Мугао улыбнулся, оскалив крупные, как клыки, зубы:

– Так вот как они чтят сыновний долг! Народ мой! – Он вскинул вверх обе руки, и плащ его полыхнул огнем в лучах закатного солнца. Ударили барабаны.

И тут же вся толпа: копьеносцы, мужчины, женщины, дети – бросилась на нас. Успев ткнуть обломком копья в пустоту, я был сбит наземь. Несколько минут меня старательно топтали босыми ногами, поднявшаяся пыль запорошила мне глаза и ноздри, набилась в глотку. Прикрывая голову и живот руками, я подумал, что цилини не самое страшное из того, с чем мне довелось столкнуться на острове, и возблагодарил Бога за то, что рыбаки еще не изобрели кирзовые сапоги.

Если бы не грозный окрик Мугао, меня, вероятно, затоптали бы насмерть – толпа вошла во вкус, – но вождь по каким-то причинам испортил ей удовольствие. Дюжие парни подняли меня, похлопав для бодрости мозолистыми ладонями по лицу.

Первое, что я увидел, открыв глаза, был Эхуань, висящий на чьих-то руках в нескольких метрах от меня. Голова его была запрокинута, и закатившиеся глаза смотрели прямо в зенит. Кажется, он был без сознания. Я снова зажмурился. В ушах беспрерывно шумело и стрекотало, и, если бы меня не трясли, я, вероятно, сумел бы провалиться в спасительное небытие. Однако толчки и тычки не прекращались, я приоткрыл правый глаз – левый начал заплывать – и увидел Шун.

Прислонившись спиной к тотемному столбу, врытому около одной из хижин, она яростно отбивалась от наседавших на нее копьеносцев.

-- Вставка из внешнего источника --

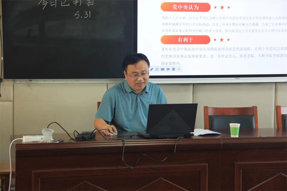 随后,赵勇以党的二十大修改党章的重大意义作为切入点,要求全体党员加强理论学习,发挥党员的先锋模范作用,加强自我管理,争做时代先锋。活动最后,赵勇勉励同学们要树立远大理想,做新时代的奋斗者,将青春的抱负融入到全面建设社会主义现代化国家、全面推进中华民族伟大复兴的伟大事业中去。活动在同学们热烈的掌声中圆满结束。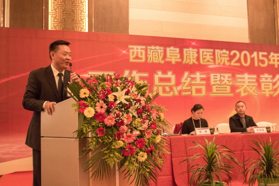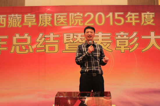 2016年1月19日下午3點半,西藏阜康醫(yī)院2015年度總結(jié)暨表彰大會在香格里拉大酒店隆重舉行,本次2015年度總結(jié)表彰大會由敖德秀副院長主持,王斌董事長、陳彬總經(jīng)理、張德才總院長、劉連福副院長、張治副院長、李君副院長、何靜院長助理等各位院領(lǐng)導(dǎo)及三家醫(yī)院、體檢中心全體員工參加本次會議。

Каким-то чудом ей удалось вырваться из толпы рыбаков, и теперь, на открытом месте, она могла показать, на что способна.

Шун владела мечом виртуозно, и уже не один телохранитель вождя с визгом отскакивал прочь, зажимая рану, из которой хлестала кровь. Разумеется, если бы ее хотели убить, сделать это было бы нетрудно, но свита Мугао, очевидно получив приказ взять девушку живьем, не пускала в ход оружие.

Жители деревни, замерев, смотрели на этот неравный безнадежный бой: женщины, дети, мужчины, державшие меня и Эхуаня, и даже Мугао, присев на барабан, следил за происходящим с застывшей на губах усталой усмешкой.

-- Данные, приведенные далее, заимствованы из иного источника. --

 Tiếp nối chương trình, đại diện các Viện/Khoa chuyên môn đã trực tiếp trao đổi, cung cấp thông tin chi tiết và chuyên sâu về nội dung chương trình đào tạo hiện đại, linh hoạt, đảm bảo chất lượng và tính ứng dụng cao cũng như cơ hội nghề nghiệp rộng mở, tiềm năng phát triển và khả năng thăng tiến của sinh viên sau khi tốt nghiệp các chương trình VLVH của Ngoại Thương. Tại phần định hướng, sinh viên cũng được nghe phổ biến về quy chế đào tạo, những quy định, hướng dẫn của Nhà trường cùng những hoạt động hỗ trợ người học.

Шун сражалась великолепно, хотя ясно было, что она обречена. Исход боя был предрешен, и развязку ускорил парнишка, все время вертевшийся за спинами нападавших. Выбрав удобный момент, он бросил на Шун свернутую в комок рыболовную сеть. Девушка не успела увернуться и, тут же запутавшись в крепких веревках, потеряла маневренность. Отчаянным усилием она попыталась высвободиться, чтобы вонзить меч себе в грудь, но какой-то особенно ловкий и бесстрашный телохранитель вождя повис у нее на руке.

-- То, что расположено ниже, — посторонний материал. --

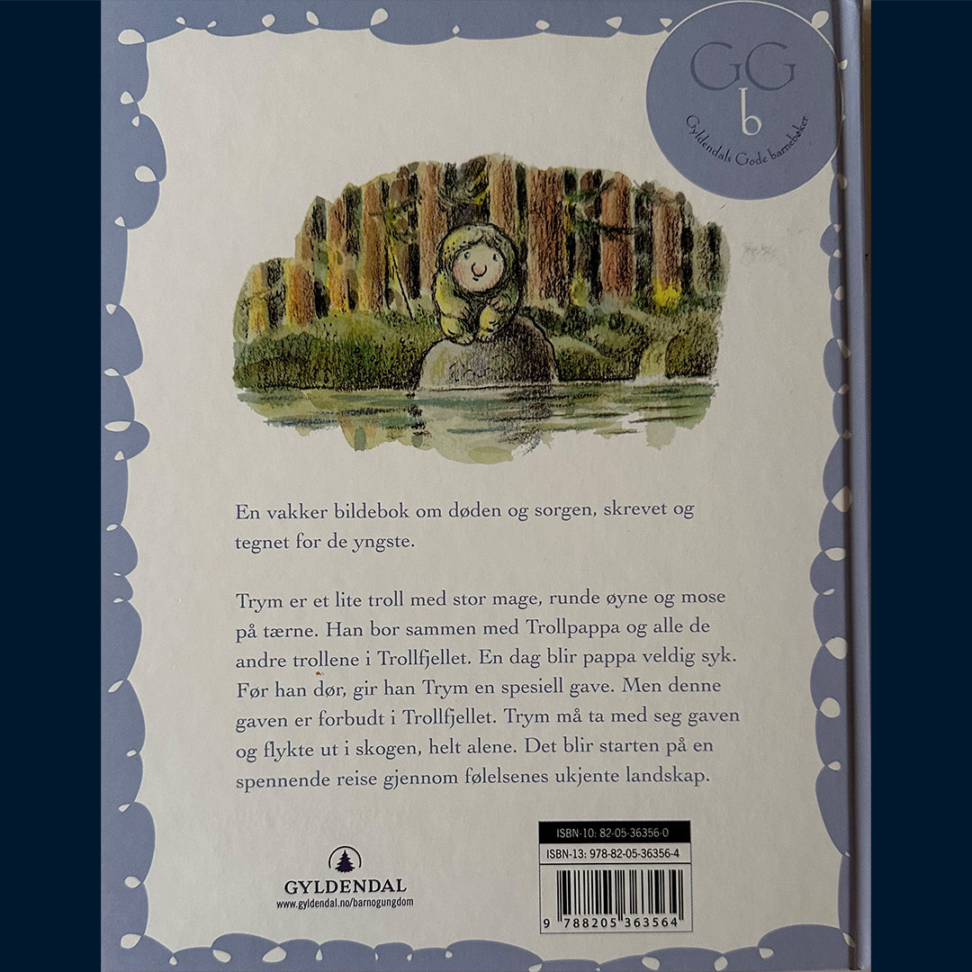 En vakker bildebok om døden og sorgen, skrevet og tegnet for de minste Trym er et lite troll med stor mage, runde øyne og mose på tærne. Han bor sammen med Trollpappa og alle de andre trollene i Trollfjellet. En dag blir Trollpappa veldig syk, og før han dør gir han Trym en helt spesiell gave. Men denne gaven er forbudt i Trollfjell. Selv om Trym gjemmer den så godt han kan, blir den oppdaget av Stortrollene, og Trym må flykte alene ut i skogen. Dette blir starten på en spennende reise gjennom følelsenes ukjente landskap.

В считанные секунды все было кончено: кто-то вырвал из рук Шун меч, кто-то дернул ее за ноги и повалил в пыль. Исчерпав последние силы, девушка не сопротивлялась, когда копьеносцы, сняв с нее сеть, скрутили ей веревками руки, накинули на шею аркан и потащили с площади. Один раз она, правда, попыталась остановиться, обернулась, но затянувшаяся на горле веревка не позволила ей разглядеть Эхуаня в толпе рыбаков.

* * *

– Виктор, не надо…

– Вера…

– Ну не надо, ну я прошу!

– Вера… У тебя кожа яблоками пахнет…

– Дурачок, это яблочный шампунь. Ну не надо. Вдруг кто-нибудь войдет… Ну не расстегивай…

– Кто может войти?

– Петрович. Ну не надо. Фу, какой колючий!

– Петрович на третьем отделении «козла» забивает.

– На третьем отделении нет козлов. Ну Виктор! Виктор… Витя… Ну пожалуйста… А вдруг войдет старшая сестра?

– Да ну тебя, ей-Богу! При чем тут старшая сестра? Что ей, больше делать нечего, как по палатам ходить?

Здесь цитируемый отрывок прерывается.